I also want to measure/quantify how much longer it actually takes.
I couldn't find anything useful on google and I have trouble measuring it myself plus interpret what I measure because of the many things that can happen on a modern processor.
(reordering, prefetching, buffering and god knows what)
Details:
My basic process of measuring it is roughly as follows:
write soemthing to the cacheline on processor 0
read it on processors 1 to n.
rdtsc
write it on process 0
rdtsc
I am not even sure which instructions to actually use for read/write on process 0 in order to make sure the write/invalidate is finished before the final time measurement.
At the moment I fiddle with an atomic exchange (__sync_fetch_and_add()), but it seems that the number of threads is itself important for the length of this operation (not the number of threads to invalidate) -- which is probably not what I want to measure?!.
I also tried a read, then write, then memory barrier (__sync_synchronize()). This looks more like what I expect to see,
but here I am also not sure if the write is finished when the final rdtsc takes place.
As you can guess my knowledge of CPU internals is somewhat limited.
Any help is very much appreciated!
ps:
* I use linux, gcc and pthreads for the measurements.
* I want know this for modeling a parallel algorithm of mine.
Edit:
In a week or so (going on vacation tomorrow) I'll do some more research and post my code and notes and link it here (In case someone is interested), because the time I can spend on this is limited.

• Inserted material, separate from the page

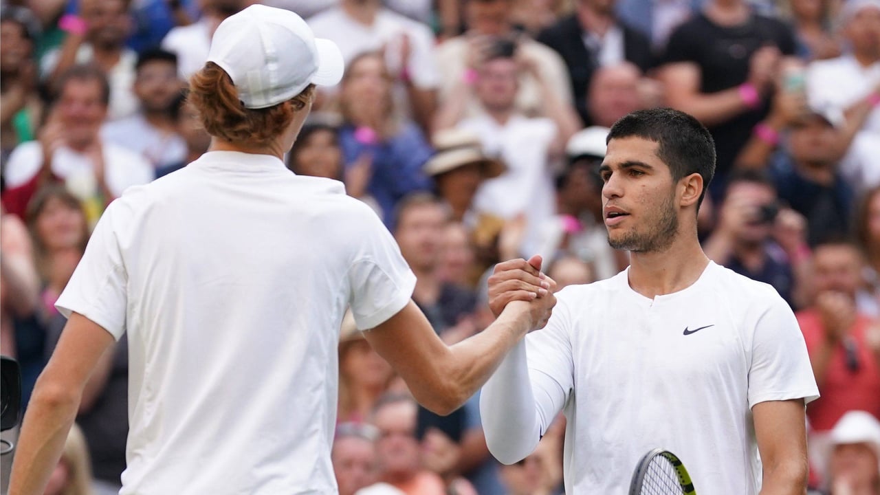Carlos Alcaraz y Jannik Sinner tras octavos de final de Wimbledon 2022Cordon Press

I started writing a very long answer, describing exactly how this works, then realized, I probably don't know enough about the exact details. So I'll do a shorter answer....
So, when you write something on one processor, if it's not already in that processors cache, it will have to be fetched in, and after the processor has read the data, it will perform the actual write. In doing so, it will send a cache-invalidate message to ALL other processors in the system. These will then throw away any content. If another processor has "dirty" content, it will in itself write out the data, and ask for an invalidation - in which case the first processor will have to RELOAD the data before finishing its write (otherwise, some other element in the same cacheline may get destroyed).
Reading it back into the cache will be required on every other processor that is interested in that cache-line.
The __sync_fetch_and_add() wilol use a "lock" prefix [on x86, other processors may vary, but the general idea on processors that support "per instruction" locks is roughtly the same] - this will issue a "I want this cacheline EXCLUSIVELY, everyone else please give it up and invalidate it". Just like the first case, the processor may well have to re-read anything that another processor may have made dirty.
A memory barrier will not ensure that data is updated "safely" - it will just make sure that "whatever happened (to memory) before now is visible to all processors by the time this instructon finishes".
The best way to optimize the use of processors is to share as little as possible, and in particular, avoid "false sharing". In a benchmark many years ago, there was a structure like [simplifed] this:
struct stuff {
int x[2];
... other data ... total data a few cachelines.
} data;
void thread1()
{
for( ... big number ...)
data.x[0]++;
}
void thread2()
{
for( ... big number ...)
data.x[1]++;
}
int main()
{
start = timenow();
create(thread1);
create(thread2);
end = timenow() - start;
}
Since EVERY time thread1 wrote to the x[0], thread2's processor had to get rid of it's copy of x[1], and vice versa, the result is was that the SMP test [vs just running thread1] was running about 15 times slower. By altering the struct like this:
struct stuff {
int x;
... other data ...
} data[2];
and
void thread1()
{
for( ... big number ...)
data[0].x++;
}
we got 200% of the 1 thread variant [give or take a few percent]
Right, so the processor has queues of buffers where write operations are stored when the processor is writing to memory. A memory barrier (mfence, sfence or lfence) instruction is there to ensure that any outstanding read/write, write or read type operation has completely been finished before the processor proceeds to the next instruction. Normally, the processor would just continue on it's jolly way through any following instructions, and eventualy the memory operation becomes fulfilled some way or another. Since modern processors have a lot of parallel operations and buffers all over the place, it can take quite some time before something ACTUALLY trickles through to where it eventually will end up. So, when it's CRITICAL to make sure that something has ACTUALLY been done before proceeding (for example, if we have written a bunch of instructions to the video memory, and we now want to kick off the run of those instructions, we need to make sure that the 'instruction' writing has actually finished, and some other part of the processor isn't still working on finishing that. So use an sfence to make sure that the write has really happened - that may not be a very realistic example, but I think you get the idea.)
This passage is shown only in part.